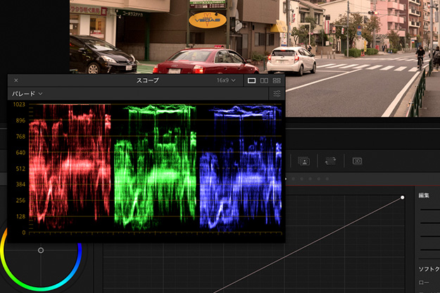 各カーブの動作に連動して、波形モニターやパレードスコップが動く様子を観察するには、図05_00をダウンロードしてDaVinci Resolveを実際に操作して見てはいかがだろう?わずかなカーブ操作でもコントラストやカラーが大きく変化することを実感してもらえると思う。
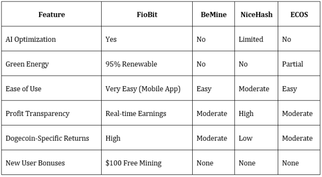 In-Depth Comparison Table: FioBit vs. Key Dogecoin Cloud Mining Competitors
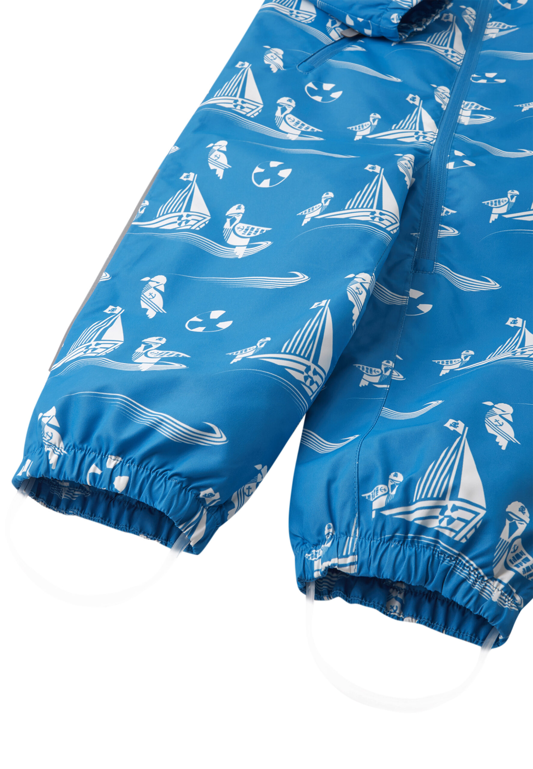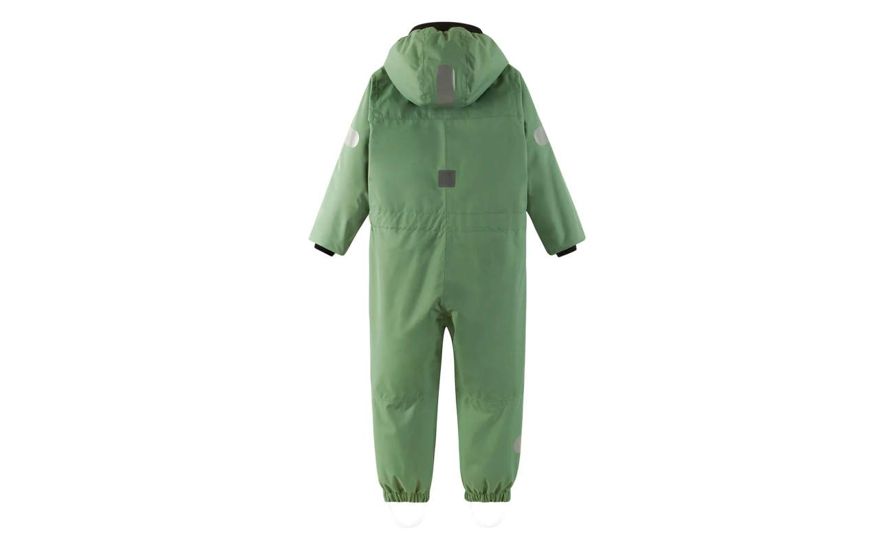 This spring overall for toddlers is made of waterproof material with all seams taped. The functional, windproof material is breathable and also dirt-repellent. The smooth polyester lining makes it easy to put on and does not get in the way during play. The hood is removable and child-safe, and the elastic foot loops, which are also removable, keep the legs in place. The overall is made of airy material and has many thoughtful details, such as an adjustable waist, a pocket with a zipper and reflective details. Our super comfortable overall for adventures in all weathers!
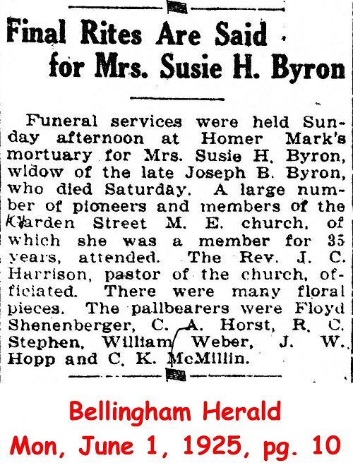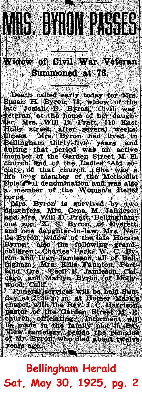 Mrs. Susan H. Byron, aged 78 years, widow of the late Josiah B. Byron, Civil war veteran, passed away at the home of her daughter, Mrs. Will D. Pratt, 510 East Holly street, at an early hour Saturday morning, May 30, after several weeks' illness. Mrs. Byron had been a resident of Bellingham for the past thirty-five years, and had been an active member of the Garden Street Methodist Episcopal church during those years. She has been a life long member of the Methodist church and will be greatly missed by her many friends. She was also a member of the Woman's Relief Corps of Bellingham, and also an active member of the Ladies' Aid and Missionary societies of the church. Surviving relatives are two daughters, Mrs. Cena M. Jamieson and Mrs. Will D. Pratt, both of Bellingham; one son, X. S. Byron of Everett, Wash., and one daughter-in-law, Mrs. Nellie Byron, wife of the late Horace Byron. Also six grandchildren, Mrs. Charles Park, W. C. Byron and Ivan Jamieson, all of Bellingham, Mrs. Ellis Faunton of Portland, Ore.; Cecil B. Jamieson of Chicago, Ill., and Marlyn Byron of Hollywood, Cal. The body is resting at the Homer Mark mortuary, where funeral services will be held Sunday afternoon, May 31, at 2:30 o'clock, with the Rev. J. C. Harrison, pastor of the Garden Street Methodist church, officiating. Interment will be made in the family plot in Bay View cemetery beside the body of Mr. Byron, who passed away about twelve years ago.
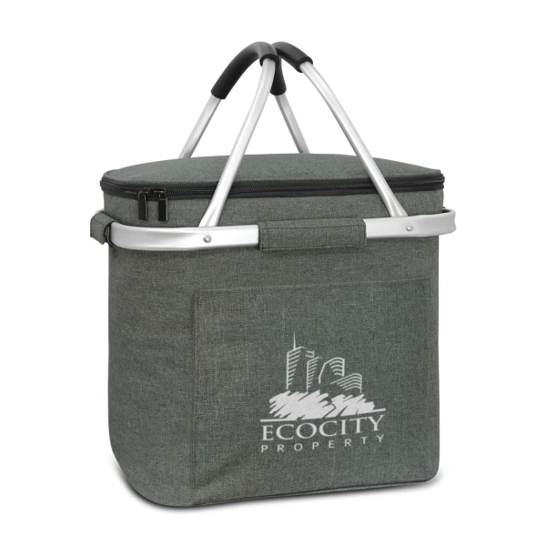 Outstanding large 16L cooler basket with a strong aluminium frame which folds flat when it is not in use. It has PE foam insulation encased in a water-resistant PEVA inner liner and a secure zippered top opening. The outer construction is poly-canvas with an on-trend heather-style finish. Iceland has a handy slip pocket on the front and soft rubber hand grips.
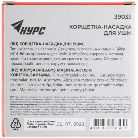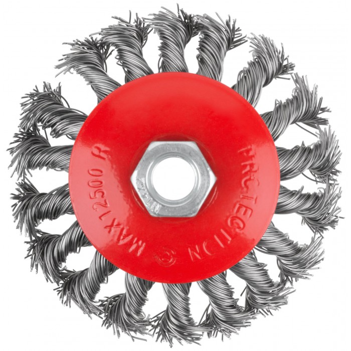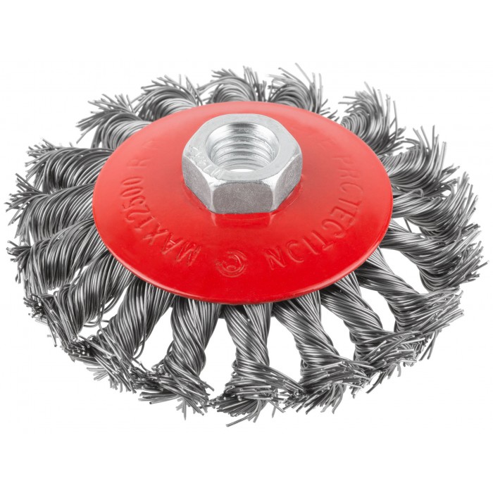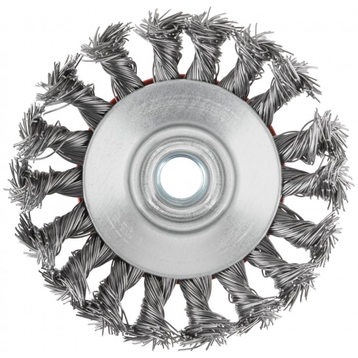 Тип ''колесо'', с наклоном. Для УШМ. Гайка М14. Материал: стальная витая проволока. Упаковка: картонная коробка.
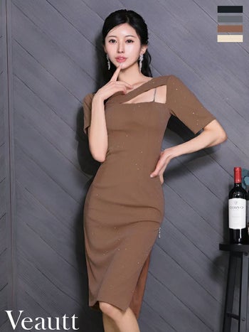 キャバドレス Veautt ヴュート アシメデザイン 袖あり ワンショルダー ラメ ジップデザイン チェーン スリット タイト 膝丈ドレス
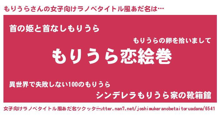 | ヒーロー風カッコイイあだ名 | 『慈愛の使者もりうら』『炎刃騎士モリ』 |
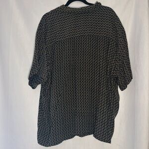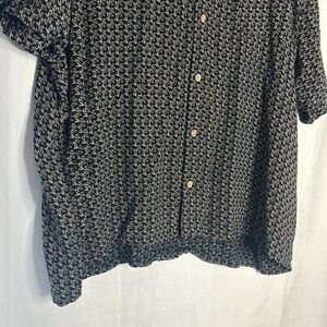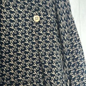 STYLE: Knights Bridge retro blue and tan wave print short sleeve button down, lightweight, vintage, 100% rayon
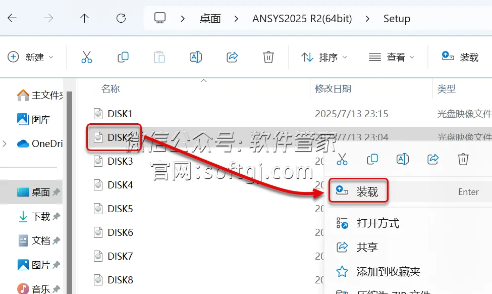41.打开安装包解压后的【ANSYS2025 R2(64bit)】文件夹中【Setup】文件夹,鼠标右击【DISK2】选择【装载】(注意留意装置后的磁盘符,在步骤43将会选择SIDK2装载的磁盘,不同用户这里装置之后磁盘符可能不一致)。
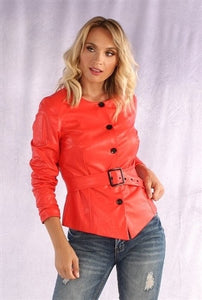 Long Sleeve Ribbon Cuff Faux Leather Peplum Top
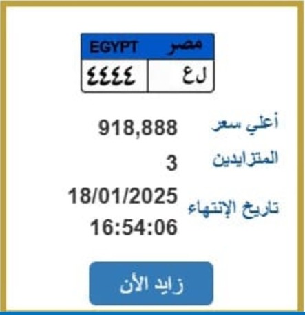 وفي السطور التالية نستعرض تفاصيل اللوحات المعدنية المميزة التي تم طرحها، حيث جاءت أول لوحة ل ع - 4444، أعلى سعر:918 ألف جنيه،عدد المزايدين: 3 أفراد تاريخ انتهاء المزاد: 18 يناير.

= = = = = = =

Requirement: In the listing above, find the line with "In-Depth Comparison Table: FioBit" and the line with "Mrs. Susan H.". Copy exactly those two and every line between, without the pictures.

Problem solution:
 In-Depth Comparison Table: FioBit vs. Key Dogecoin Cloud Mining Competitors
 This spring overall for toddlers is made of waterproof material with all seams taped. The functional, windproof material is breathable and also dirt-repellent. The smooth polyester lining makes it easy to put on and does not get in the way during play. The hood is removable and child-safe, and the elastic foot loops, which are also removable, keep the legs in place. The overall is made of airy material and has many thoughtful details, such as an adjustable waist, a pocket with a zipper and reflective details. Our super comfortable overall for adventures in all weathers!
 Mrs. Susan H. Byron, aged 78 years, widow of the late Josiah B. Byron, Civil war veteran, passed away at the home of her daughter, Mrs. Will D. Pratt, 510 East Holly street, at an early hour Saturday morning, May 30, after several weeks' illness. Mrs. Byron had been a resident of Bellingham for the past thirty-five years, and had been an active member of the Garden Street Methodist Episcopal church during those years. She has been a life long member of the Methodist church and will be greatly missed by her many friends. She was also a member of the Woman's Relief Corps of Bellingham, and also an active member of the Ladies' Aid and Missionary societies of the church. Surviving relatives are two daughters, Mrs. Cena M. Jamieson and Mrs. Will D. Pratt, both of Bellingham; one son, X. S. Byron of Everett, Wash., and one daughter-in-law, Mrs. Nellie Byron, wife of the late Horace Byron. Also six grandchildren, Mrs. Charles Park, W. C. Byron and Ivan Jamieson, all of Bellingham, Mrs. Ellis Faunton of Portland, Ore.; Cecil B. Jamieson of Chicago, Ill., and Marlyn Byron of Hollywood, Cal. The body is resting at the Homer Mark mortuary, where funeral services will be held Sunday afternoon, May 31, at 2:30 o'clock, with the Rev. J. C. Harrison, pastor of the Garden Street Methodist church, officiating. Interment will be made in the family plot in Bay View cemetery beside the body of Mr. Byron, who passed away about twelve years ago.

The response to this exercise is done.